The Chemist went on. "It is obvious then, that although when coming down the distance must be covered to some extent by physical movement—by traveling geographically, so to speak—going back, that is not altogether the case. Most of the distance may be covered by bodily growth, rather than by a movement of the body from place to place."

"We might get lost," objected the Very Young Man. "Suppose we got started in the wrong direction?"

"Coming in, that is a grave danger," answered the Chemist, "because then distances are opening up and a single false step means many miles of error later on. But going out, just the reverse is true; distances are shortening. A mile in the wrong direction is corrected in an instant later on. Not coming to a realization of that when I made the trip before, led me to undertake many unnecessary hours of most arduous climbing. There is only one condition imperative; the body growing must have free space for its growth, or it will be crushed to death."

"Have you planned exactly how we are to get out?" asked the Big Business Man.
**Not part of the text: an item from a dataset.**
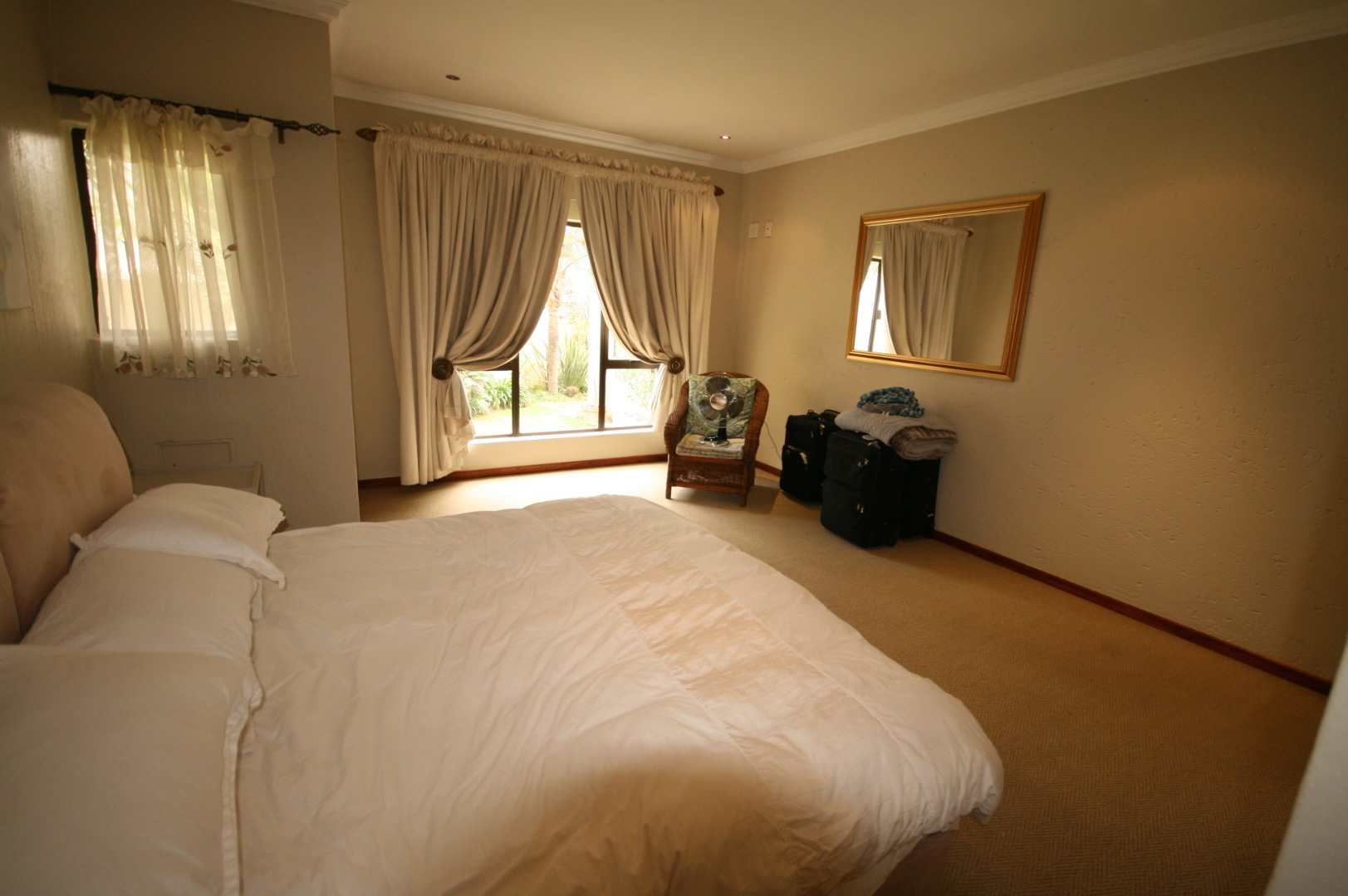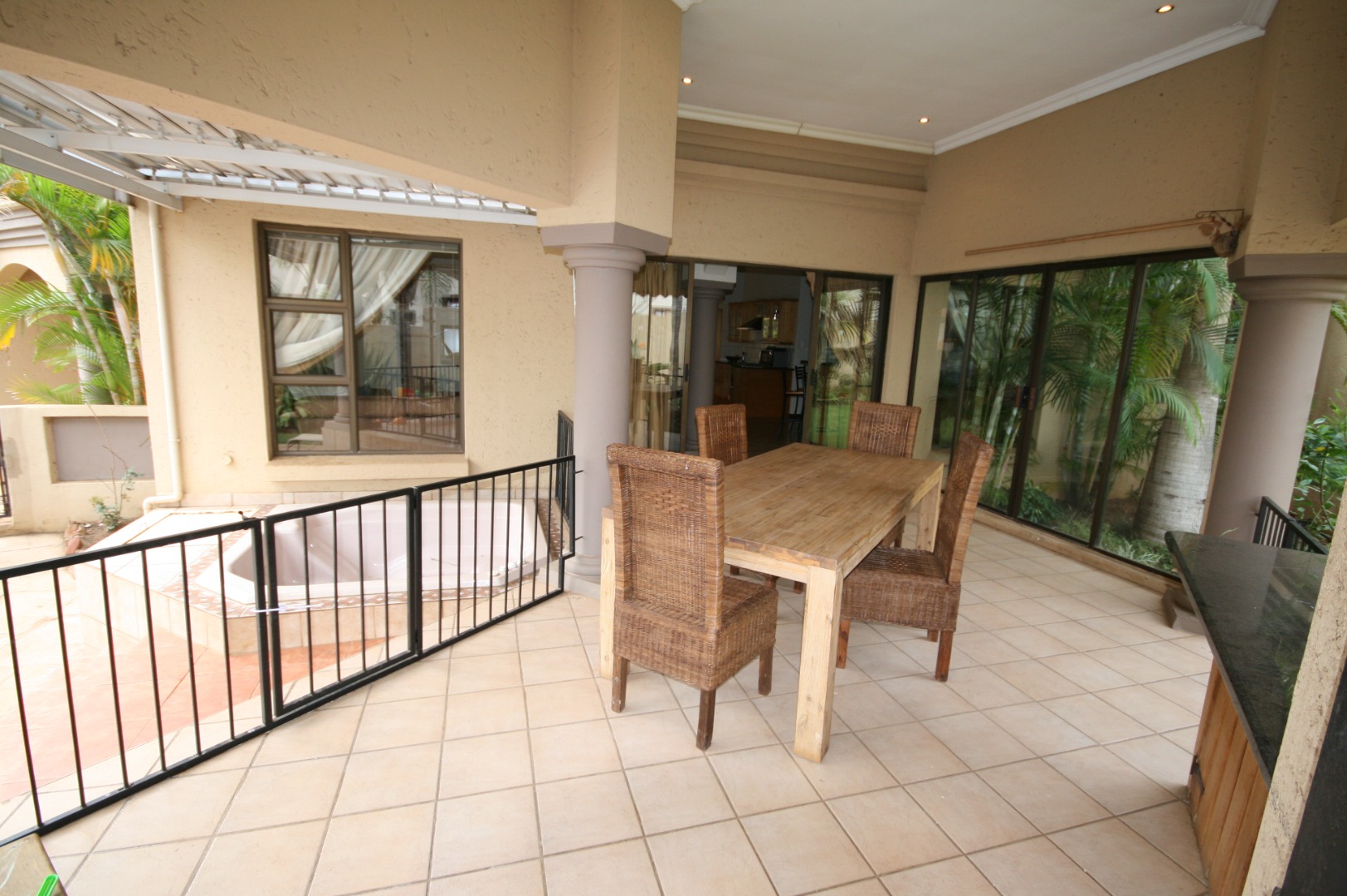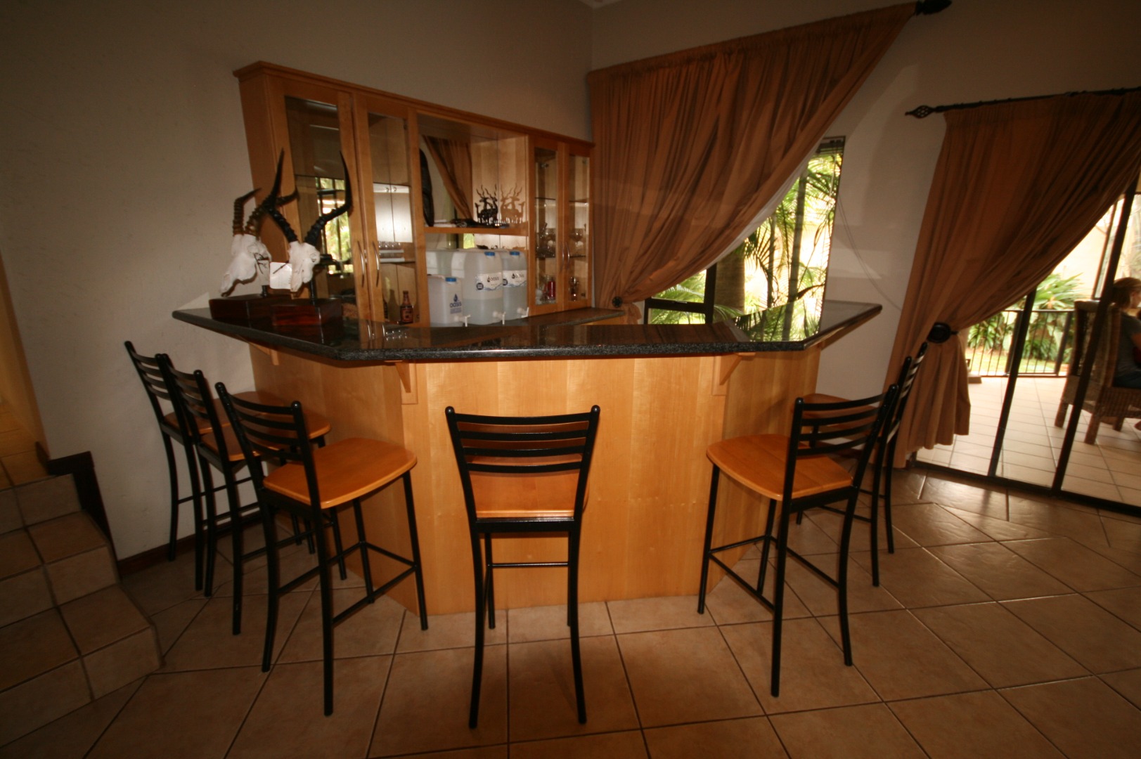 The outdoor area is a true highlight, designed for leisure and enjoyment. It features a sparkling swimming pool, a built-in jacuzzi, and a spacious tiled patio with a built-in braai, all set within a lush, mature garden with tropical palm trees. A double garage and four additional parking spaces ensure convenience for residents and guests. As part of a secure golf estate, the property benefits from enhanced security, including a security gate, and is fibre-ready for seamless connectivity. Pets are allowed, making this an ideal home for the whole family.

"Yes, I have," the Chemist answered. "In the size we are now, which you must remember is several thousand times Oroid height, it will be only a short distance to a point where as we grow we can move gradually to the centre of the circular pit. That huge inclined plane slides down out of it, you remember. Once in the pit, with its walls closing in upon us, we can at the proper moment get out of it about as I did before."

"Then we'll be in the valley of the scratch," exclaimed the Very Young Man eagerly. "I'll certainly be glad to get back there again."

"Getting out of the valley we'll use the same methods," the Chemist continued. "There we shall have to do some climbing, but not nearly so much as I did."

The Very Young Man was thrilled at the prospect of so speedy a return to his own world. "Let's get going," he suggested quickly. "It sounds a cinch."

They started away in a few minutes more, leaving the body of Targo lying where it had fallen across the river. In half an hour of walking they located without difficulty the huge incline down which the Chemist had fallen when first he came into the ring. Following along the bottom of the incline they reached his landing place—a mass of small rocks and pebbles of a different metallic-looking stone than the ground around marking it plainly. These were the rocks and boulders that had been brought down with him in his fall.

"From here," said the Chemist, as they came to a halt, "we can go up into the valley by growth alone. It is several hours, but we need move very little from this position."